● **Work task**:
Output, exactly as written, the lines below from the one that has "Verify Email address" through the one that has "A maior ilha"; nothing else, and no pictures.

● **Data under study**:
<<<<

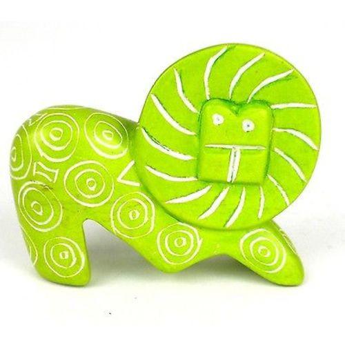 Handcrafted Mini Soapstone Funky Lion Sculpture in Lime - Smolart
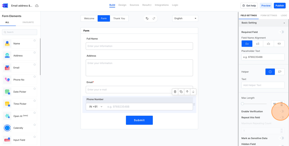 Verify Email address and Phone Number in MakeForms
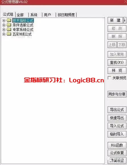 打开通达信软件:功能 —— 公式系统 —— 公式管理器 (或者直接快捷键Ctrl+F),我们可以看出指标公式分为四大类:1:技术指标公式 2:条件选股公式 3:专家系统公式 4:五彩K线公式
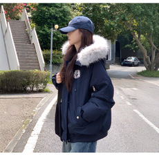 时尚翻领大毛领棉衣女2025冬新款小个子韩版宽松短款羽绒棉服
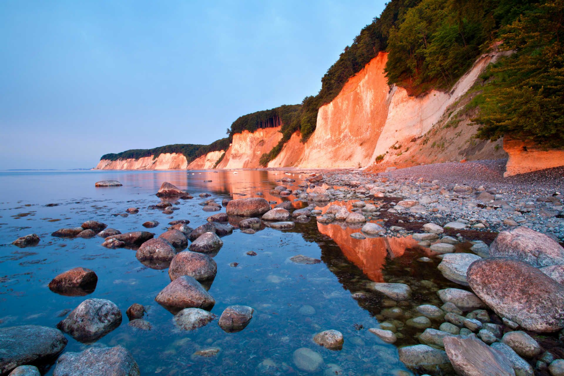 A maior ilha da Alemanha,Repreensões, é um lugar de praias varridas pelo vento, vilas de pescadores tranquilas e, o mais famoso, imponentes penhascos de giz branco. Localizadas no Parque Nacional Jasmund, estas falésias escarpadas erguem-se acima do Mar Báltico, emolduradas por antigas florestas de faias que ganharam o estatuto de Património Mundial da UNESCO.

>>>>
<<<<

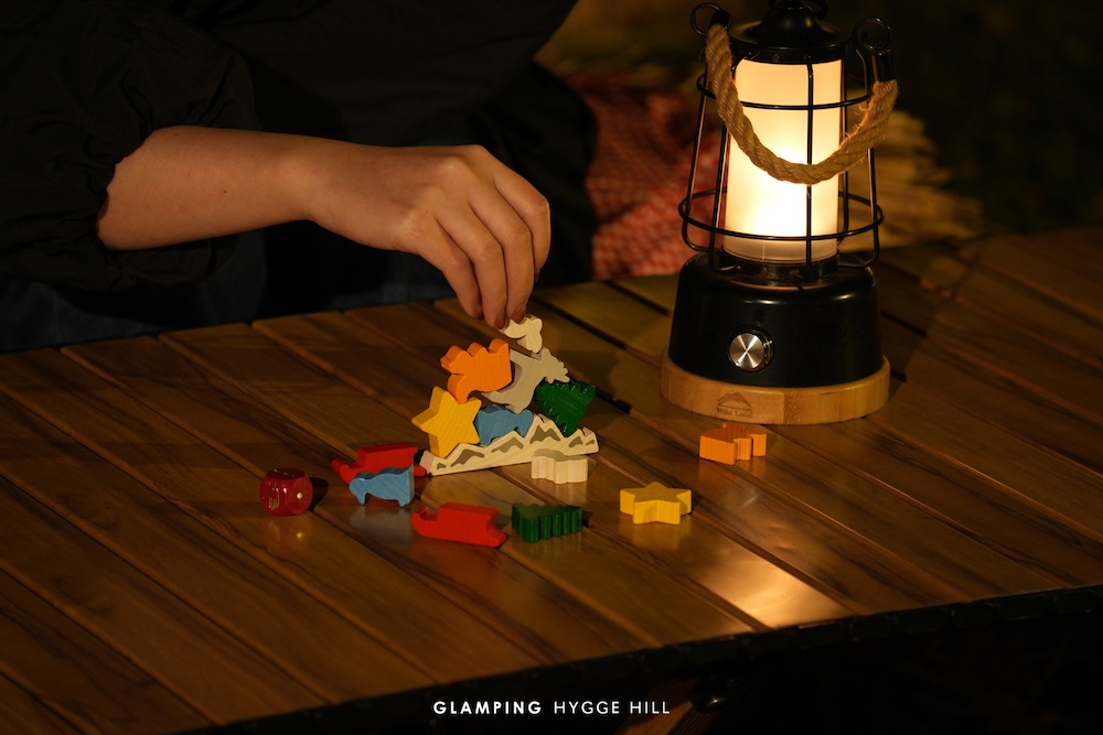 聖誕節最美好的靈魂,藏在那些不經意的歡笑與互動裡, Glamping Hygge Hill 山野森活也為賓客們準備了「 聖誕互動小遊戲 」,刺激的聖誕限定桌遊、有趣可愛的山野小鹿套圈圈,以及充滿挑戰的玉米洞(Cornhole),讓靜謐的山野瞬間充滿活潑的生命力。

>>>>

● **Written solution**:
 Verify Email address and Phone Number in MakeForms
 打开通达信软件:功能 —— 公式系统 —— 公式管理器 (或者直接快捷键Ctrl+F),我们可以看出指标公式分为四大类:1:技术指标公式 2:条件选股公式 3:专家系统公式 4:五彩K线公式
 时尚翻领大毛领棉衣女2025冬新款小个子韩版宽松短款羽绒棉服
 A maior ilha da Alemanha,Repreensões, é um lugar de praias varridas pelo vento, vilas de pescadores tranquilas e, o mais famoso, imponentes penhascos de giz branco. Localizadas no Parque Nacional Jasmund, estas falésias escarpadas erguem-se acima do Mar Báltico, emolduradas por antigas florestas de faias que ganharam o estatuto de Património Mundial da UNESCO.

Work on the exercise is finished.